Artificial intelligence is being applied in areas outside of board games; areas that might result in disaster. It can be applied to weapons like drones and tanks that can act without any human input, find strategies, network together, and act with superhuman speed. Smart viruses are also a major concern, especially given how poor the state of cybersecurity is. There are other concerns too, but the biggest and potentially the most dangerous is artificial superintelligence, a hypothetical AI that could outsmart humans in any domain of intelligence, including social and emotional intelligence. We not only have to worry about these things being used maliciously, but also the unintended consequences of its use. These programs do what they’re programmed to do, not what they’re intended to do, and the smarter they are, the greater the consequences. Imagine if you’re driving a car 40 mph down the road. If the steering wheel is slightly off, no big deal; you can adjust it. If you’re going 40,000 mph, then a slight misalignment results in you smashing into the side of the road. This is the nature of powerful value-misaligned intelligence, and the brooding arms race in intelligence can make issues like this worse. That’s a lot to deal with.
So how do we stop humanity from crashing into the side of the road? That’s a difficult question, but regardless, there needs to be some sort of governance on an international scale to handle these issues. I looked at a few factors to try and determine what the best governance system might look at. First, instead of letting the car smash into the side of the road and try to pick up the pieces, we should avoid that situation to begin with. So, this governance system should be anticipatory, working with different stakeholders in capacity building and foresight on these issues. Political factors also need to be taken into consideration so that we can understand what sort of issues might prevent cooperation. Then, by comparing the strengths, weaknesses, and issues with previous governance frameworks, we might be able to determine which is best.
Because AI is such a new technology and there hasn’t been a lot of international discussion of the topic, I decided to look at cybersecurity as a proxy field to understand what political issues there might be. I looked at the United Nation’s 2016/2017 Group of Government Experts meeting regarding the state use of information communication technologies (ICTs), which focused on norm building and the interpretation of international law in the context of ICTs.

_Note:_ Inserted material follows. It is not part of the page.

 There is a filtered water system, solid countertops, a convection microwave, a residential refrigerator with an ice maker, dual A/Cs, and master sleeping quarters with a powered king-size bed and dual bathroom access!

To say the least, the meeting failed to reach a conclusion because of the conflicting interpretations of international law between Western countries and more authoritarian countries like Russia and China. One of the key issues is over what defines sovereignty. Since the sovereign can only define sovereignty, countries like Russia and China view the management of all information going into and out of their borders as key to maintaining their regimes, which conflicts with the West’s view of freedom of expression as a human right. This not only signifies that there are fundamental differences in interests and values that could prevent cooperation with AI, but it shows that the vague and conflicting nature of international law might prevent it from being an effective means of creating cooperation.

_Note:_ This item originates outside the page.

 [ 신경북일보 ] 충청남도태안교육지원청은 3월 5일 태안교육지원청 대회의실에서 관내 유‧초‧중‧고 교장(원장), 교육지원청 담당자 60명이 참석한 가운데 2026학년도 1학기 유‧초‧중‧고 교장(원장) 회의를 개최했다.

So, with all this in mind, I looked at four different governance frameworks: soft-law, multi-stakeholder governance, multilateralism, and polycentric governance. Soft-law focuses on the creation of norms and non-binding agreements. Multi-stakeholder governance tries to bring together relevant stakeholders including corporations and civil society groups, to have everyone voice their opinions and collectively make and enforce decisions. Multilateralism just involves nation states creating agreements, such as the United Nations. Finally, polycentric governance is where there are multiple self-governing groups with multiple centers of decision-making that are informally networked with one another and pursue problems as they see fit. These organizations are autonomous but are also nested together with overlapping jurisdiction and different levels of authority, such as states, regional jurisdictions, or international bodies of governance.

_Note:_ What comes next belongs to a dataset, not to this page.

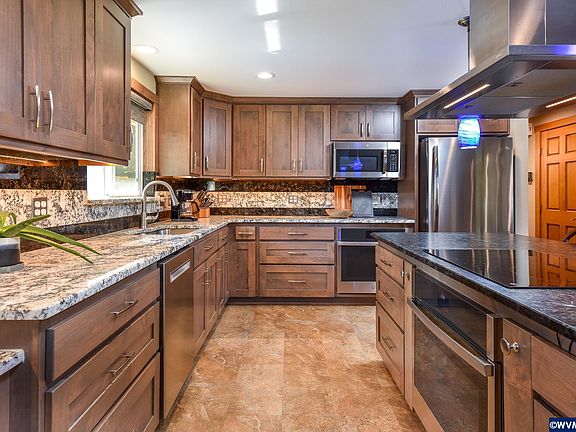 Completely updated. Open floorplan with new floor coverings. New kitchen with custom granite counters and cabinets. Bathrooms have granite surrounds. Updated electrical, plumbing, heating, cooling, water heater, windows, woodstove insert, insulation, roof, speakers. Wired for a generator. 24 X 48 shop with 2 - 12' doors. Property backs the Ankeny Game Reserve with views of Mt. Jefferson.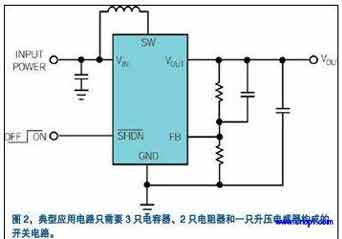 LinearTechnology公司推出的LTC3459是解決這些應(yīng)用問(wèn)題的一系列升壓轉(zhuǎn)換器中的一個(gè)例子。LTC3459這種器件有一種突發(fā)模式,用以在輕載電流下保持轉(zhuǎn)換器的效率。它還具有浪涌電流限制、短路保護(hù)和關(guān)機(jī)期間負(fù)載隔離等功能。盡管具有這些功能,但典型的應(yīng)用電路只要求在開(kāi)關(guān)電路中有三只電容器、兩只電阻器和一個(gè)升壓電感器(圖2)。Wells說(shuō),因?yàn)?ldquo;轉(zhuǎn)換器工作時(shí)的峰值電流小約75mA,所以一個(gè)0805小型電感器……能輕易達(dá)到與一個(gè)集成電荷泵相同的占用電路板面積。”

Ultimately, after comparing the different strengths and weaknesses of these governance frameworks, I decided that a multilateral version of a specific type of soft-law regime called a ‘Governance Coordination Committee’ (GCC) that helps direct actors within a larger polycentric community might be the best way forward. This GCC would act as an issue conductor that helps manage the community of people working to reduce risk and other stakeholders in industry and government. It would also help find areas of cooperation, sponsor research, guide technological development, and drive norms. While this isn’t a final solution to the problem, it can help create the conditions for further agreements in the future. It’s time to start governing artificial intelligence, and this GCC-Polycentric approach is something that can be implemented now.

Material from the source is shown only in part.